Personal information
- Full name: Vincent Wanostrocht Giblin
- Born: 13 November 1817 Kingston-upon-Thames, Surrey, England
- Died: 15 May 1884 (aged 66) Milsons Point, New South Wales, Australia

Domestic team information
- 1851: Tasmania
- Only First-class: 11 February 1851 Tasmania v Victoria

Career statistics
| Competition | First-class |
| Matches | 1 |
| Runs scored | 8 |
| Batting average | 4.00 |
| 100s/50s | 0/0 |
| Top score | 7* |
| Catches/stumpings | 0/– |
- Source: CricketArchive, 5 January 2011

= Vincent Giblin =

Australian cricketer and banker

Vincent Wanostrocht Giblin (born 13 November 1817 in Kingston-upon-Thames, Surrey, England), was an Australian banker and cricket player, who played one game for Tasmania.
He has the distinction of having participated in the first ever first-class match in Australia, and opened the batting in the second innings.

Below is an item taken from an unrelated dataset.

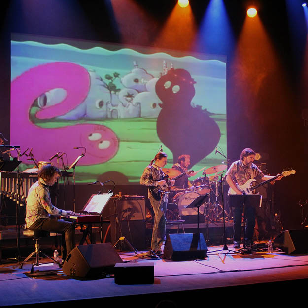 Princesse Mononoké rencontrant Les Barbapapa, Les Fous du Volants poursuivis par Batman ou encore Supermario télescopant Le Livre de la Jungle, Le Sacre du Tympan revisite plusieurs décennies de génériques, connus souvent, oubliés parfois, mais toujours ancrés dans la mémoire collective. Les concerts seront l’occasion de faire découvrir aux jeunes de 7 à 107 ans une large palette de timbres et d’objets sonores à travers des arrangements jubilatoires écrits pour l’occasion par Fred Pallem.
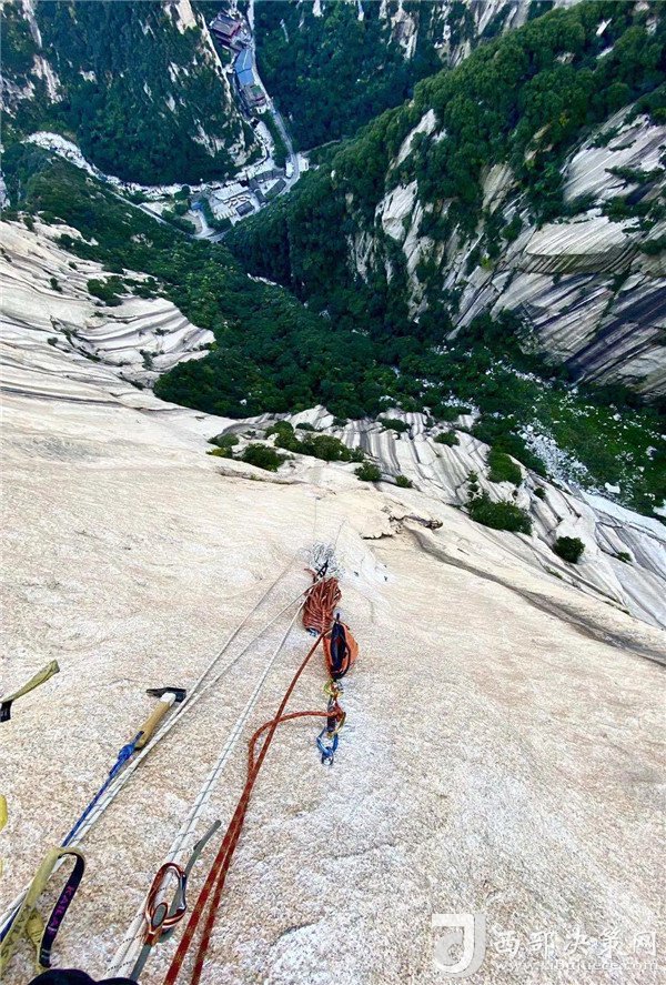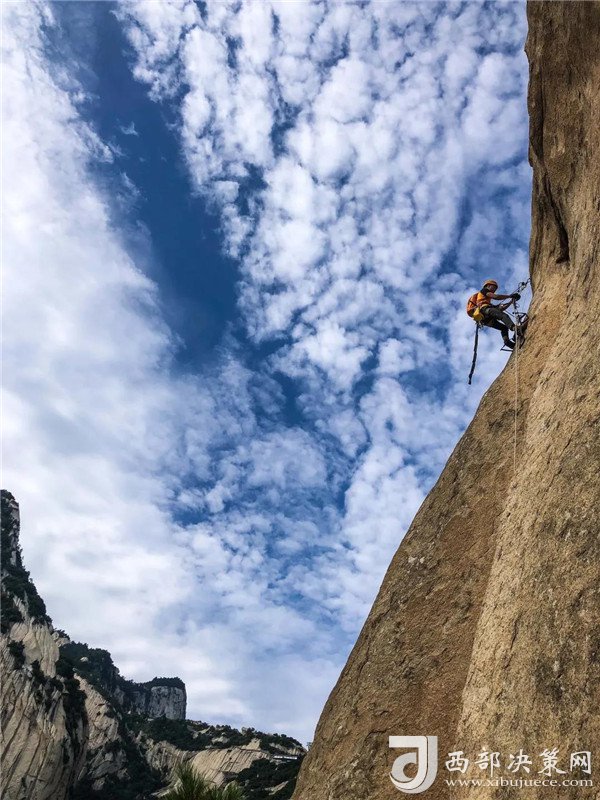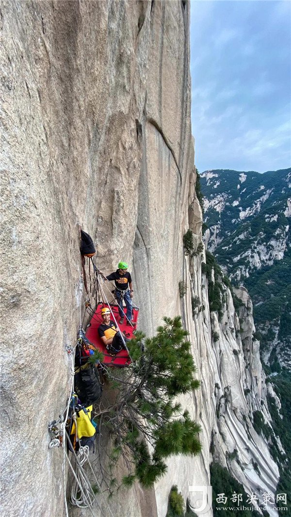 自然巖壁結組挑戰(zhàn)賽選手成功登頂。挑戰(zhàn)了華山白云峰六百多米的花崗巖大巖壁,并在巖壁上生活了兩天,不僅向大家展示了運動員的專業(yè)攀巖技術,更展示了超強的野外生存能力。

He was a member of Tasmania's notable Giblin family, whose members included William Robert Giblin (1840–1887), Tasmanian Premier and Supreme Court Judge.

Giblin served as manager of the Commercial Bank in Hobart until 1853, when he moved to Victoria to take a managerial position in the newly founded Bank of Victoria, and was also president of the Geelong Land and Building Society around 1860. He was manager of the Geelong branch of the Bank of Victoria in 1868 when he succeeded A. H. Richardson as manager of the Australian Joint Stock Bank in Sydney.

Giblin died on 15 May 1884, in Milsons Point, New South Wales at the age of 66.